From the entries below, print exactly the span beginning with the line holding "Coastal GasLink, un" and ending with the line holding "- Sections and", endpoints included, and skip any pictures.

(INFORMATION)
>>

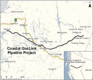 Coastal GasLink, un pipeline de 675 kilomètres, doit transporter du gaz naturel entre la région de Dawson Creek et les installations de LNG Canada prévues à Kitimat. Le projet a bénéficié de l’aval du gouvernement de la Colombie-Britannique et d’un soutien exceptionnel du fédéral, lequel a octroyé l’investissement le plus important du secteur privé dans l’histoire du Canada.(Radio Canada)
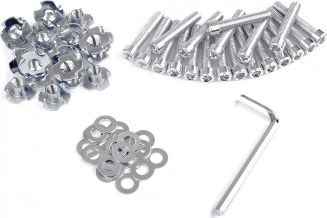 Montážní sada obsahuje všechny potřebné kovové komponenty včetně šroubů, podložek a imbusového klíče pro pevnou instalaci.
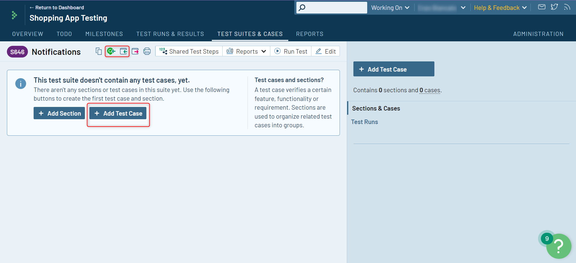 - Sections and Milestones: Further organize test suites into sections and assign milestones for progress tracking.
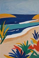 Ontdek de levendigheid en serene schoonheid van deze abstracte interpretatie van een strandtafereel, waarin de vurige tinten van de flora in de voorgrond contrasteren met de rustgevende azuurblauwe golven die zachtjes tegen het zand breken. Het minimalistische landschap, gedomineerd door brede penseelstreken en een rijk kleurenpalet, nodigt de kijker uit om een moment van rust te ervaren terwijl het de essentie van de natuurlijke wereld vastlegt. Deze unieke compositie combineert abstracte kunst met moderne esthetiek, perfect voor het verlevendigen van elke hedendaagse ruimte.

<<
>>

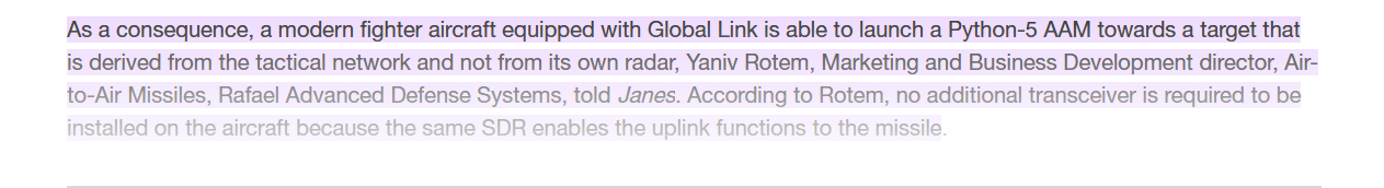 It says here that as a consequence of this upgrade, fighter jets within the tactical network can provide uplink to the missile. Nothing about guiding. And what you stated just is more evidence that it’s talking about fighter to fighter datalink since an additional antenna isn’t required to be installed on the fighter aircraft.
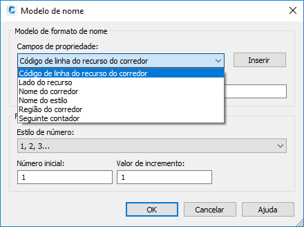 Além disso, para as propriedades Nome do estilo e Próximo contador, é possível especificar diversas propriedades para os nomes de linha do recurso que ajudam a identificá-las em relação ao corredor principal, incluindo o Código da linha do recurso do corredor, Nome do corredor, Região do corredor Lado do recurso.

<<

(TASK RESPONSE)
 Coastal GasLink, un pipeline de 675 kilomètres, doit transporter du gaz naturel entre la région de Dawson Creek et les installations de LNG Canada prévues à Kitimat. Le projet a bénéficié de l’aval du gouvernement de la Colombie-Britannique et d’un soutien exceptionnel du fédéral, lequel a octroyé l’investissement le plus important du secteur privé dans l’histoire du Canada.(Radio Canada)
 Montážní sada obsahuje všechny potřebné kovové komponenty včetně šroubů, podložek a imbusového klíče pro pevnou instalaci.
 - Sections and Milestones: Further organize test suites into sections and assign milestones for progress tracking.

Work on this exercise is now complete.